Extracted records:
* * * *

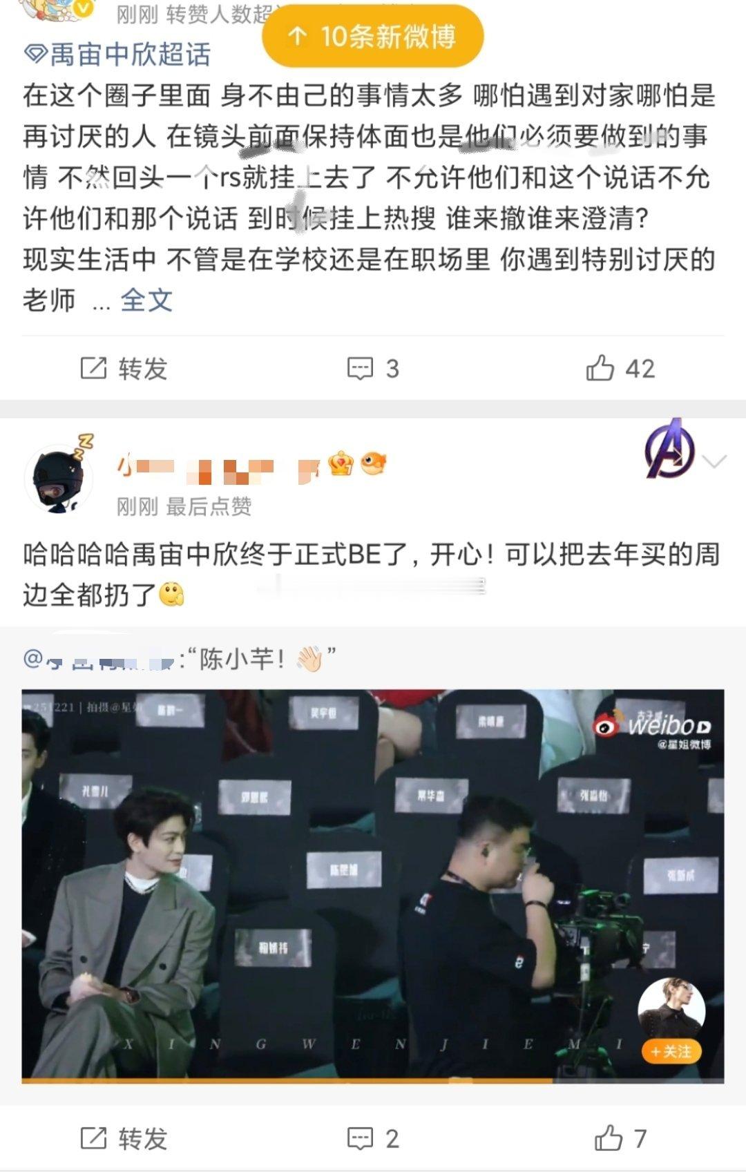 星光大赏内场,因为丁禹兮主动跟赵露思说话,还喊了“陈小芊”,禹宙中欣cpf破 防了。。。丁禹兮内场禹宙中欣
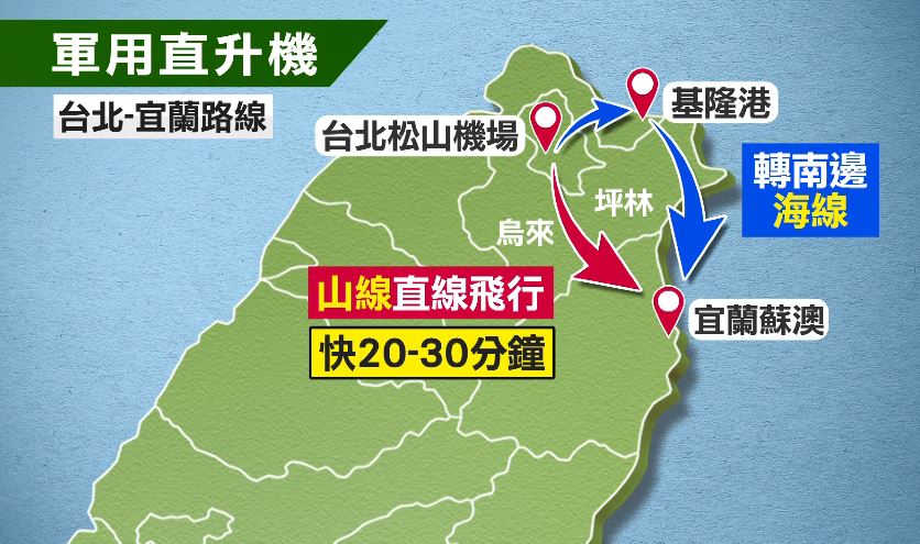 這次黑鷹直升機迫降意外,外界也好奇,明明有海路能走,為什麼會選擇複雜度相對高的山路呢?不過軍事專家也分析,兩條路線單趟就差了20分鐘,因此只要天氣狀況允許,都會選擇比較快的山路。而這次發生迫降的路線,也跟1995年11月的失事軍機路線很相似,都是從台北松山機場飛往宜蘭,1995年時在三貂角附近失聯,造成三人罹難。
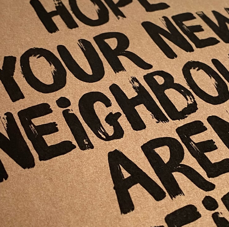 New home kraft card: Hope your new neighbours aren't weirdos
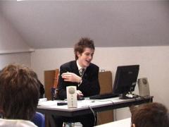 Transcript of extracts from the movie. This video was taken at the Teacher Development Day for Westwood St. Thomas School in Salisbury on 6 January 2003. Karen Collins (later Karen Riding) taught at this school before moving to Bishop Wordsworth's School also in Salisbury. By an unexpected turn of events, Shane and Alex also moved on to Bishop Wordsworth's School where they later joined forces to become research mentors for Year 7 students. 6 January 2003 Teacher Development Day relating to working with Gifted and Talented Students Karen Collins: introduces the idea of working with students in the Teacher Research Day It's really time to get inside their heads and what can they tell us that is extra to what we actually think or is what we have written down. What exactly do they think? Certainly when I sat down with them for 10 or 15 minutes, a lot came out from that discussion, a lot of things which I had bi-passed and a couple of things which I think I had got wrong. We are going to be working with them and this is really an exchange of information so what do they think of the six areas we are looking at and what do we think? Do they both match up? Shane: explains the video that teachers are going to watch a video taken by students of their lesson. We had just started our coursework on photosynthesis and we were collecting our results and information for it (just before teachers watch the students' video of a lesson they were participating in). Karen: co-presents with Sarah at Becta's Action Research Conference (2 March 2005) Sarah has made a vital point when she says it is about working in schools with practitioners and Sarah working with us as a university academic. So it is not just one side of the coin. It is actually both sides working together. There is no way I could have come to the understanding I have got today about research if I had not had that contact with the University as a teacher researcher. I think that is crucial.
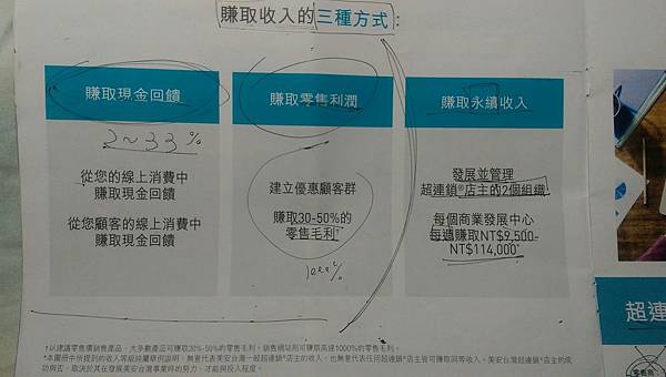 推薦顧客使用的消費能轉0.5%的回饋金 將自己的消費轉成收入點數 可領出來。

* * * *

**Prompt:** Pictures aside, repeat every entry exactly as written.

**Exercise answer:**
 星光大赏内场,因为丁禹兮主动跟赵露思说话,还喊了“陈小芊”,禹宙中欣cpf破 防了。。。丁禹兮内场禹宙中欣
 這次黑鷹直升機迫降意外,外界也好奇,明明有海路能走,為什麼會選擇複雜度相對高的山路呢?不過軍事專家也分析,兩條路線單趟就差了20分鐘,因此只要天氣狀況允許,都會選擇比較快的山路。而這次發生迫降的路線,也跟1995年11月的失事軍機路線很相似,都是從台北松山機場飛往宜蘭,1995年時在三貂角附近失聯,造成三人罹難。
 New home kraft card: Hope your new neighbours aren't weirdos
 Transcript of extracts from the movie. This video was taken at the Teacher Development Day for Westwood St. Thomas School in Salisbury on 6 January 2003. Karen Collins (later Karen Riding) taught at this school before moving to Bishop Wordsworth's School also in Salisbury. By an unexpected turn of events, Shane and Alex also moved on to Bishop Wordsworth's School where they later joined forces to become research mentors for Year 7 students. 6 January 2003 Teacher Development Day relating to working with Gifted and Talented Students Karen Collins: introduces the idea of working with students in the Teacher Research Day It's really time to get inside their heads and what can they tell us that is extra to what we actually think or is what we have written down. What exactly do they think? Certainly when I sat down with them for 10 or 15 minutes, a lot came out from that discussion, a lot of things which I had bi-passed and a couple of things which I think I had got wrong. We are going to be working with them and this is really an exchange of information so what do they think of the six areas we are looking at and what do we think? Do they both match up? Shane: explains the video that teachers are going to watch a video taken by students of their lesson. We had just started our coursework on photosynthesis and we were collecting our results and information for it (just before teachers watch the students' video of a lesson they were participating in). Karen: co-presents with Sarah at Becta's Action Research Conference (2 March 2005) Sarah has made a vital point when she says it is about working in schools with practitioners and Sarah working with us as a university academic. So it is not just one side of the coin. It is actually both sides working together. There is no way I could have come to the understanding I have got today about research if I had not had that contact with the University as a teacher researcher. I think that is crucial.
 推薦顧客使用的消費能轉0.5%的回饋金 將自己的消費轉成收入點數 可領出來。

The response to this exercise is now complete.